- _Task details_:
Among the lines below, restate word for word only those from the line with "Увеличенная модель почки" through the line with "I'm A Snoopy-Aholic", with both end lines kept.

- _Data records_:
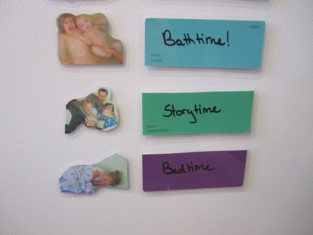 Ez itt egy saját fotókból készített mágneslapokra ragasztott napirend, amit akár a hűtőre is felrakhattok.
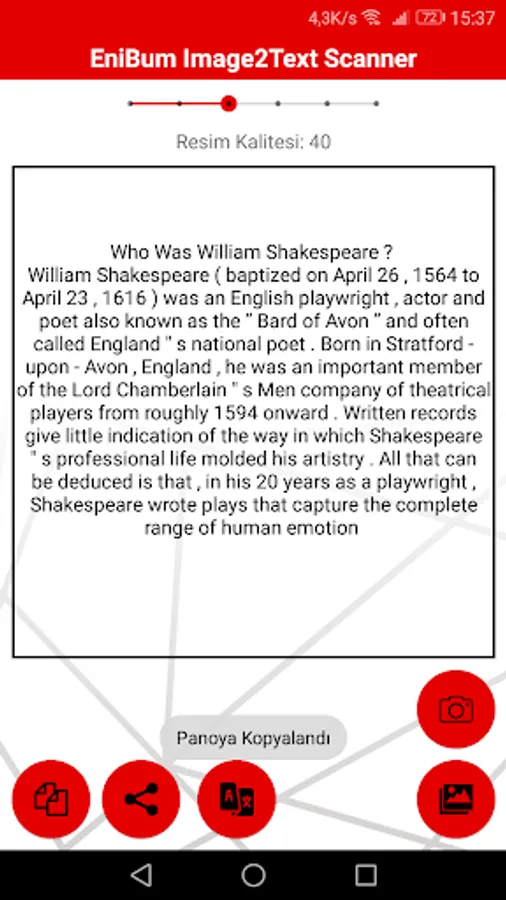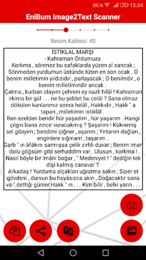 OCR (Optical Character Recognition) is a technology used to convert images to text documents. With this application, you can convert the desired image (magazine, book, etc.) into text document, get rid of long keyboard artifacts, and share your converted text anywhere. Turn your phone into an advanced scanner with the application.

* * *

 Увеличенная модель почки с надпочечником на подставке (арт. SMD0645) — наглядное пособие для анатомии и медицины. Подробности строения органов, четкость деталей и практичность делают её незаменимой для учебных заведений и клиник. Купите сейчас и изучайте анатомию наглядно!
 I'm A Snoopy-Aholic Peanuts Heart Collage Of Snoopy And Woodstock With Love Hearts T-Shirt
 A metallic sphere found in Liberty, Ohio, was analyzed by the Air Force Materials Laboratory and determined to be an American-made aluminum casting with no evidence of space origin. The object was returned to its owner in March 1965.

- _Worked solution_:
 Увеличенная модель почки с надпочечником на подставке (арт. SMD0645) — наглядное пособие для анатомии и медицины. Подробности строения органов, четкость деталей и практичность делают её незаменимой для учебных заведений и клиник. Купите сейчас и изучайте анатомию наглядно!
 I'm A Snoopy-Aholic Peanuts Heart Collage Of Snoopy And Woodstock With Love Hearts T-Shirt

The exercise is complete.